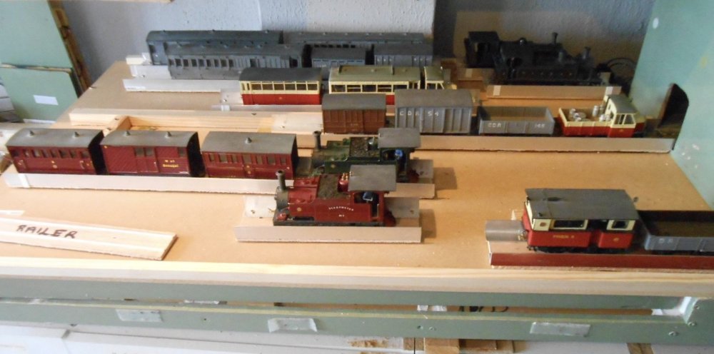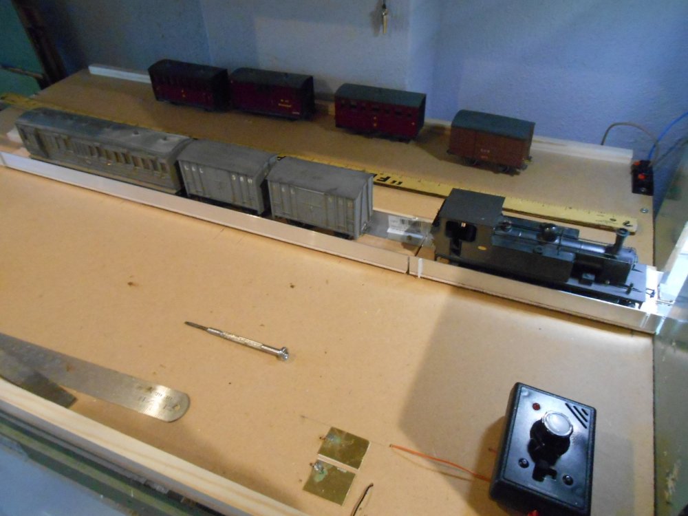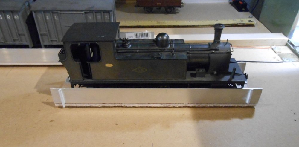 Much time has been spent this week fine tuning the cassettes and fiddle yard table. Above you can see the five trains, spare engine, plus Phoenix and its wagon cassette. I was expecting a bit of work because experience with Fintonagh taught me that if the back to backs are more than 0.2mm out, then derailments are possible on the points and so it proved. Horizontal alignment is achieved by glueing plasticard strip to the vertical wall of each cassette. Mostly this has been 40 thou/one millimetre thickness, but occasionally, only 20 thou has been needed and in one case 60 thou [20+40]. Vertical alignment is really just careful filing of the fixing screws. Occasionally, I found I'd taken too much off and a fresh screw was needed. Also managed to fix one or two screws too far inboard, meaning bogies, axle boxes etc could clout them. Needless to say, this brought out more than a bit of creative bad language, but only myself to blame. Quickly realised that a different cassette was going to be needed - one without any sides to make railing stock easier. Narrow gauge vehicles are hard enough at the best of times, with their wide overhangs, but the cassette sides make putting on anything other than a four wheel vehicle pretty much impossible. My simple solution was to stick 60 x 100 plastic strip to a piece of plywood that has flat aluminium strip glued underneath. White plastic works well with dark wheels too. Though there is plenty of room on the cassette table, have found a piece of plywood pushed under the outer end of the table gives space to put a loco cassette while it is being turned. Doubles up as space for a coffee mug and nicely levels the cassette table too. An important safety item is this small block of wood, just beyond the end of where the main cassette goes - just in case a train should over run. The height is just right for the DG couplings to clear it. A couple of other pictures show how the train cassettes might be shuffled around. Otherwise, so far so good. Now need to work on rehearsing operation on the layout itself, while all the new couplings need to be checked and then chemically blackened.
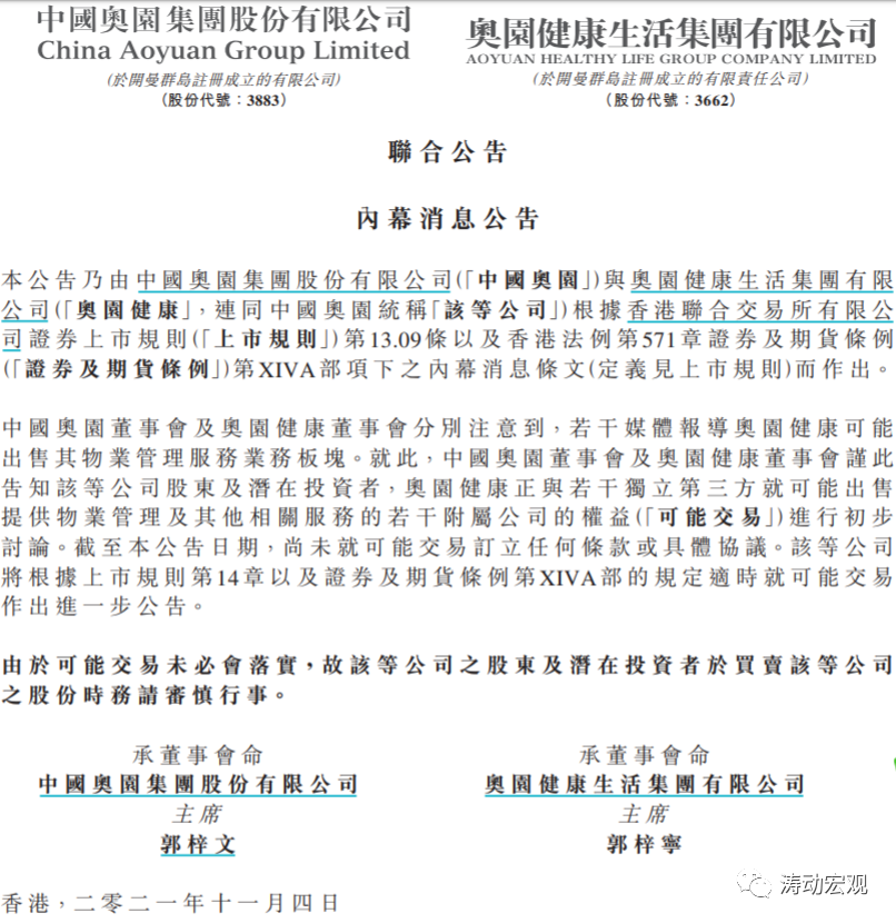 1、2021年11月3日,有媒體報(bào)道稱,為緩解流動(dòng)性壓力,中國(guó)奧園擬出售旗下物業(yè)公司奧園健康控股股權(quán),已接觸合生創(chuàng)展等多個(gè)買(mǎi)家,并希望11月底前能夠完成。2021年11月4日,中國(guó)奧園、奧園健康聯(lián)合發(fā)布公告稱“奧園健康正與若干獨(dú)立第三方就可能出售提供物業(yè)管理及其他相關(guān)服務(wù)的若干附屬公司的權(quán)益進(jìn)行初步討論,截至目前尚未就可能交易訂立任何條款或具體協(xié)議”。
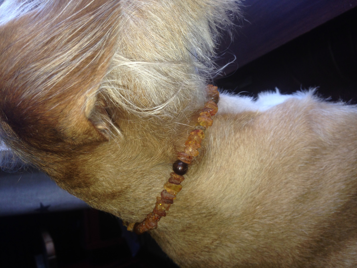 Hundebånd med ekte ravsteiner som ved hjelp av gnissing mot pelsen, holder flåtten borte. Til liten hund.

→ **WORK ITEM**
Once the line holding "1、2021年11月3日,有" is found, copy it and each later line exactly through the end of the data, leaving out the pictures.

→ **YOUR SOLUTION**
 1、2021年11月3日,有媒體報(bào)道稱,為緩解流動(dòng)性壓力,中國(guó)奧園擬出售旗下物業(yè)公司奧園健康控股股權(quán),已接觸合生創(chuàng)展等多個(gè)買(mǎi)家,并希望11月底前能夠完成。2021年11月4日,中國(guó)奧園、奧園健康聯(lián)合發(fā)布公告稱“奧園健康正與若干獨(dú)立第三方就可能出售提供物業(yè)管理及其他相關(guān)服務(wù)的若干附屬公司的權(quán)益進(jìn)行初步討論,截至目前尚未就可能交易訂立任何條款或具體協(xié)議”。
 Hundebånd med ekte ravsteiner som ved hjelp av gnissing mot pelsen, holder flåtten borte. Til liten hund.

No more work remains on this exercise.